Your reply should be the whole listing, copied exactly, with the pictures left out.

◆ Collected data ◆
· · · ·
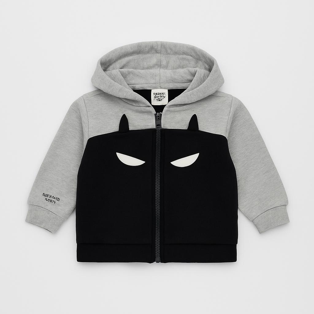 Questo fantastico giubbotto con cappuccio porterà un tocco di supereroismo nel guardaroba del tuo piccolo! Realizzato in un morbido misto cotone, presenta un vivace contrasto tra il grigio e il nero. I dettagli delle orecchie e gli occhi stilizzati sul fronte lo rendono perfetto per i piccoli fan di Batman. La chiusura con zip e il taglio comodo garantiscono calore e libertà di movimento, ideali per le avventure all'aperto. Nonostante sia usato, è in buone condizioni e pronto per essere indossato in ogni occasione, sia per giocare che per unirsi a una giornata di supereroi!
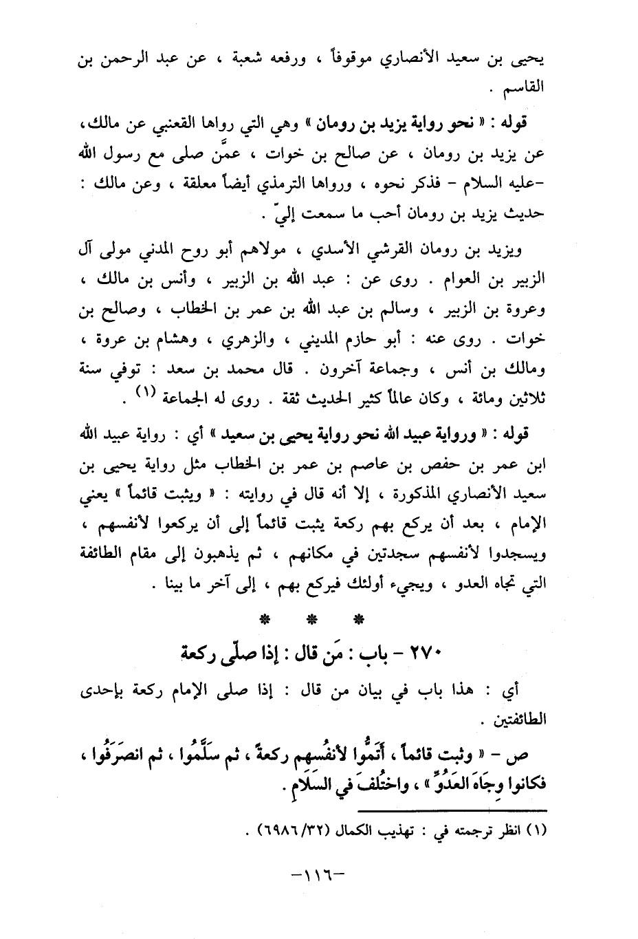قوله: " نحو رواية يزيد بن رومان " وهي التي رواها القعنبي عن مالك، عن يزيد بن رومان، عن صالح بن خوات، عمَّن صلى مع رسول الله - عليه السلام- فذكر نحوه، ورواها الترمذي أيضاً معلقة، وعن مالك: حديث يزيد بن رومان أحب ما سمعت إليّ.
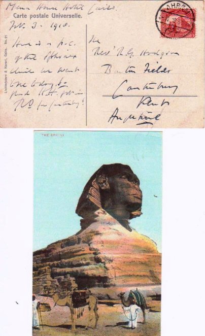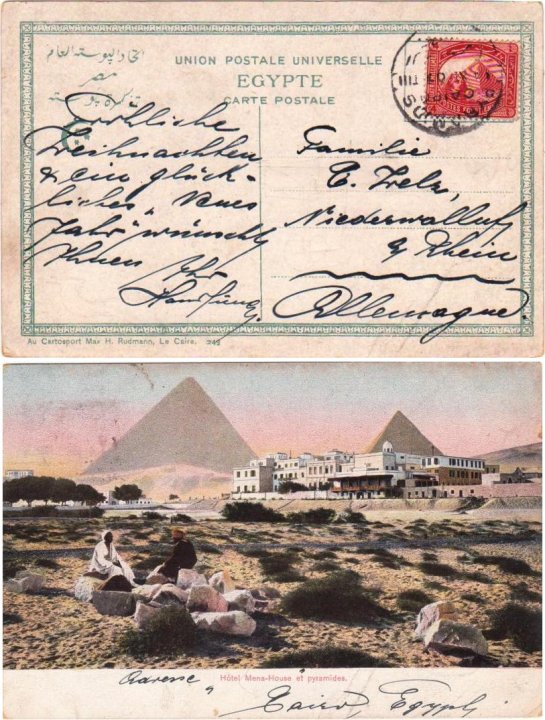 | 461 | Mena House: horiz card by Mena Photo Store-Pyramids unused but small cachet indicating purchased at Hotel, clean  | £5.00 |
· · · ·
◆ Task answer ◆
 Questo fantastico giubbotto con cappuccio porterà un tocco di supereroismo nel guardaroba del tuo piccolo! Realizzato in un morbido misto cotone, presenta un vivace contrasto tra il grigio e il nero. I dettagli delle orecchie e gli occhi stilizzati sul fronte lo rendono perfetto per i piccoli fan di Batman. La chiusura con zip e il taglio comodo garantiscono calore e libertà di movimento, ideali per le avventure all'aperto. Nonostante sia usato, è in buone condizioni e pronto per essere indossato in ogni occasione, sia per giocare che per unirsi a una giornata di supereroi!
قوله: " نحو رواية يزيد بن رومان " وهي التي رواها القعنبي عن مالك، عن يزيد بن رومان، عن صالح بن خوات، عمَّن صلى مع رسول الله - عليه السلام- فذكر نحوه، ورواها الترمذي أيضاً معلقة، وعن مالك: حديث يزيد بن رومان أحب ما سمعت إليّ.
 | 461 | Mena House: horiz card by Mena Photo Store-Pyramids unused but small cachet indicating purchased at Hotel, clean  | £5.00 |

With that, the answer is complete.